**PROVIDED INFORMATION:**
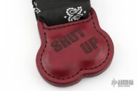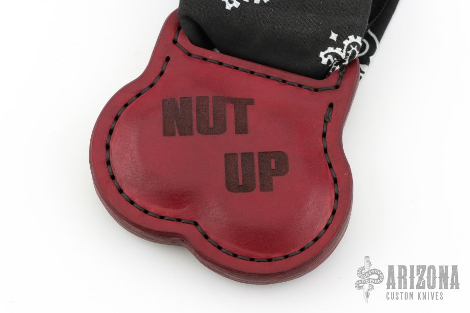 Shut Up Nut Up Bandanna Sap by Brian Schellenger. Brian works in the Chattanooga Leatherworks Shop. Red Leather with two lead lobes inside. Excellent condition.
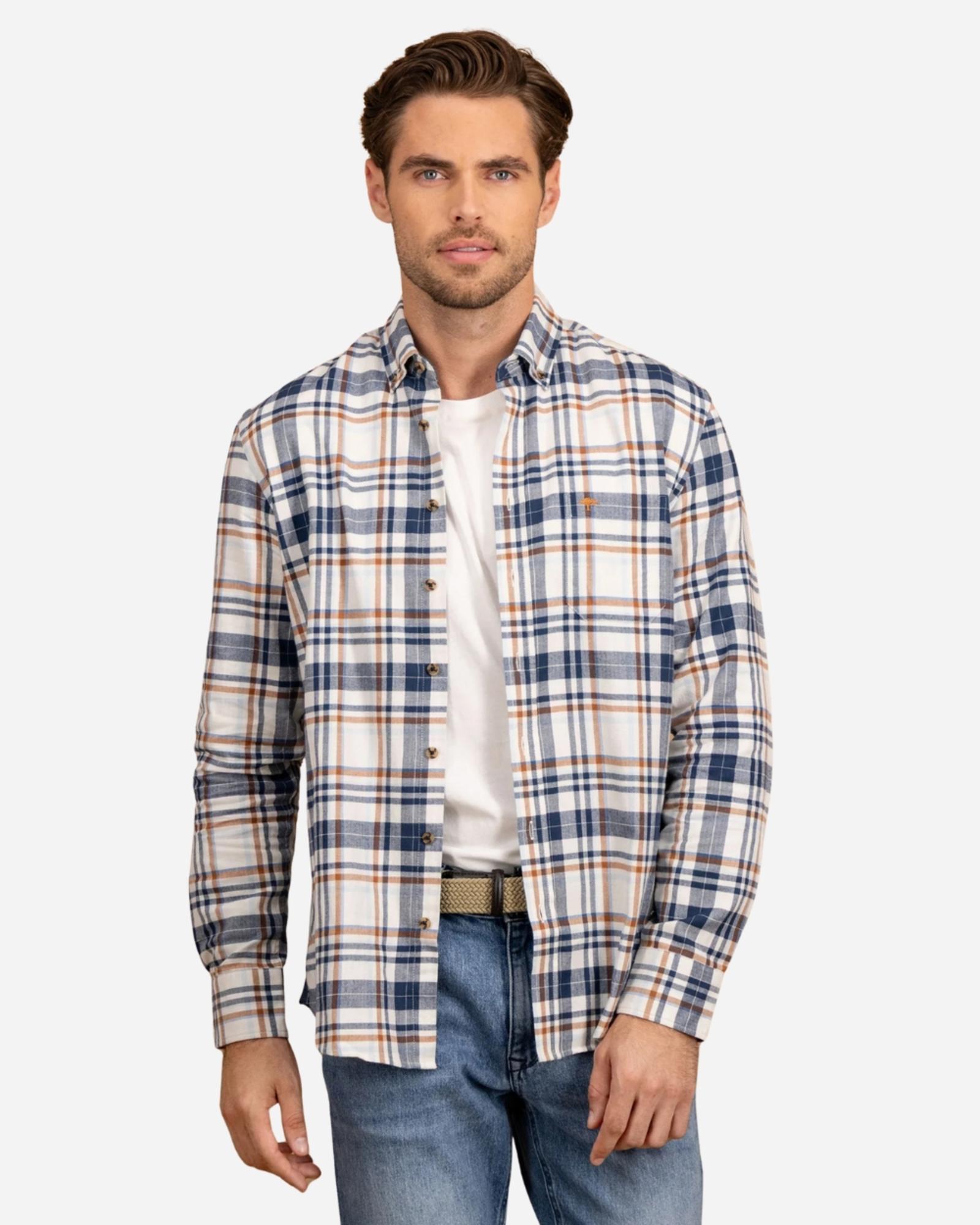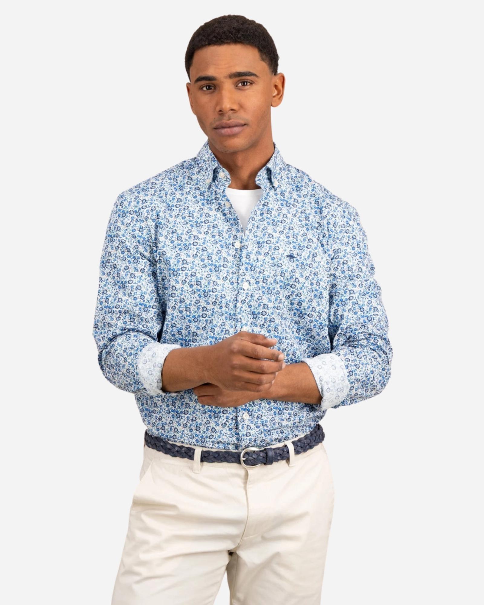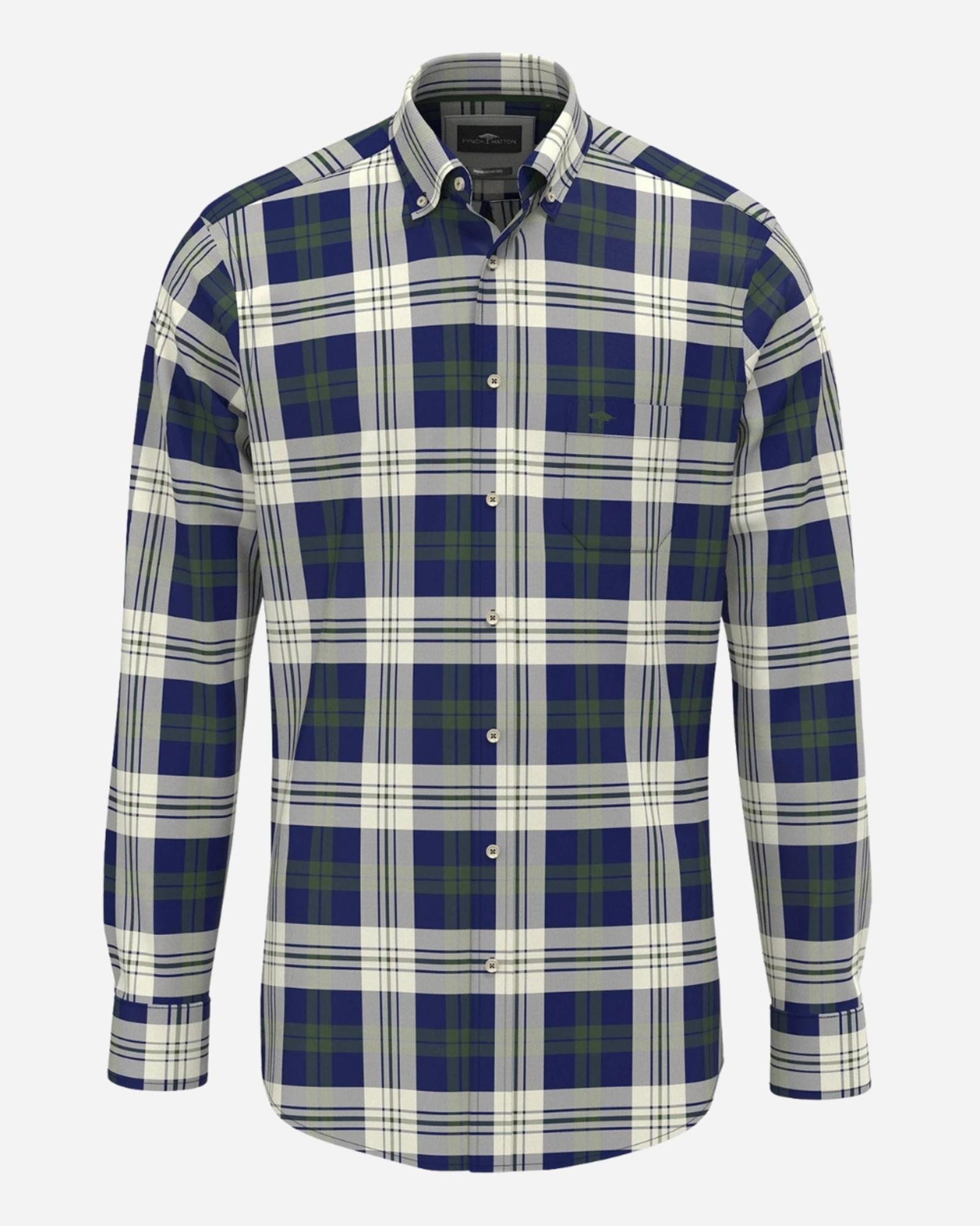 Son design à rayures bleu marine apporte une touche sophistiquée et dynamique, idéal aussi bien pour le bureau que pour une sortie chic en ville. Le logo Fynch-Hatton subtilement disséminé sur la chemise affirme votre goût pour l’excellence et l’authenticité, avec cette signature emblématique qui fait toute la différence. Portée avec un chino beige pour une allure élégante ou un jean brut pour une décontraction maîtrisée, cette chemise s’adapte à toutes vos envies. Style, confort et qualité premium, elle coche toutes les cases. N’attendez plus, adoptez la signature Fynch-Hatton dès maintenant !
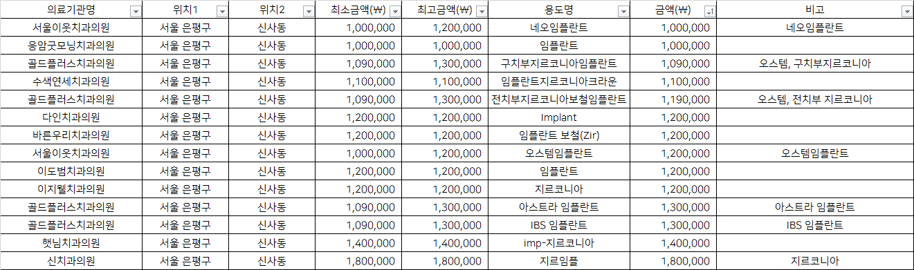 지역별 금액을 비교하시어 거주지 근처에서 저렴하게, 합리적인 비용으로 임플란트 시술 받으시기를 바랍니다.
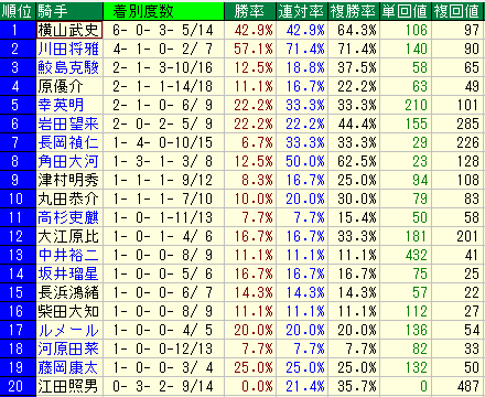 - データ: 複勝率 28.1% / 複勝回収値 161
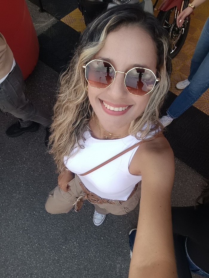 The image displays a female subject taking a selfie outdoors in Carrizal, Venezuela. The subject has long, wavy blonde hair with dark roots and is smiling, showing her teeth. She wears large, gold-rimmed octagonal sunglasses with reflective lenses displaying an orange hue and vertical structures. Her attire includes a white tank top, light brown cargo pants secured with a braided brown belt, and light blue/grey low-top sneakers. She also wears layered gold-colored necklaces and gold earrings. The ground is composed of dark asphalt and black-and-yellow checkerboard interlocking modular tiles. To the subject's immediate left, a portion of a large red inflatable object and the lower extremities of an individual in dark pants and black shoes are visible. To the subject's right, part of a red motorcycle, including a wheel and frame, is visible, along with the lower extremities of another individual in blue jeans and white sneakers, and a visible wrist with a gold watch.
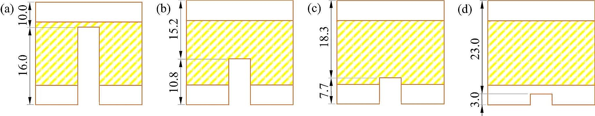 Flat bottom holes, (a) FBH-1, (b) FBH-2, (c) FBH-3, and (d) FBH-4, were drilled from the inner side of the TCP samples. Measurements are in mm

**EXERCISE BRIEF:** Pictures are to be left out; please print the rest of the records above word for word.

**ANSWER TO THIS TASK:**
 Shut Up Nut Up Bandanna Sap by Brian Schellenger. Brian works in the Chattanooga Leatherworks Shop. Red Leather with two lead lobes inside. Excellent condition.
 Son design à rayures bleu marine apporte une touche sophistiquée et dynamique, idéal aussi bien pour le bureau que pour une sortie chic en ville. Le logo Fynch-Hatton subtilement disséminé sur la chemise affirme votre goût pour l’excellence et l’authenticité, avec cette signature emblématique qui fait toute la différence. Portée avec un chino beige pour une allure élégante ou un jean brut pour une décontraction maîtrisée, cette chemise s’adapte à toutes vos envies. Style, confort et qualité premium, elle coche toutes les cases. N’attendez plus, adoptez la signature Fynch-Hatton dès maintenant !
 지역별 금액을 비교하시어 거주지 근처에서 저렴하게, 합리적인 비용으로 임플란트 시술 받으시기를 바랍니다.
 - データ: 複勝率 28.1% / 複勝回収値 161
 The image displays a female subject taking a selfie outdoors in Carrizal, Venezuela. The subject has long, wavy blonde hair with dark roots and is smiling, showing her teeth. She wears large, gold-rimmed octagonal sunglasses with reflective lenses displaying an orange hue and vertical structures. Her attire includes a white tank top, light brown cargo pants secured with a braided brown belt, and light blue/grey low-top sneakers. She also wears layered gold-colored necklaces and gold earrings. The ground is composed of dark asphalt and black-and-yellow checkerboard interlocking modular tiles. To the subject's immediate left, a portion of a large red inflatable object and the lower extremities of an individual in dark pants and black shoes are visible. To the subject's right, part of a red motorcycle, including a wheel and frame, is visible, along with the lower extremities of another individual in blue jeans and white sneakers, and a visible wrist with a gold watch.
 Flat bottom holes, (a) FBH-1, (b) FBH-2, (c) FBH-3, and (d) FBH-4, were drilled from the inner side of the TCP samples. Measurements are in mm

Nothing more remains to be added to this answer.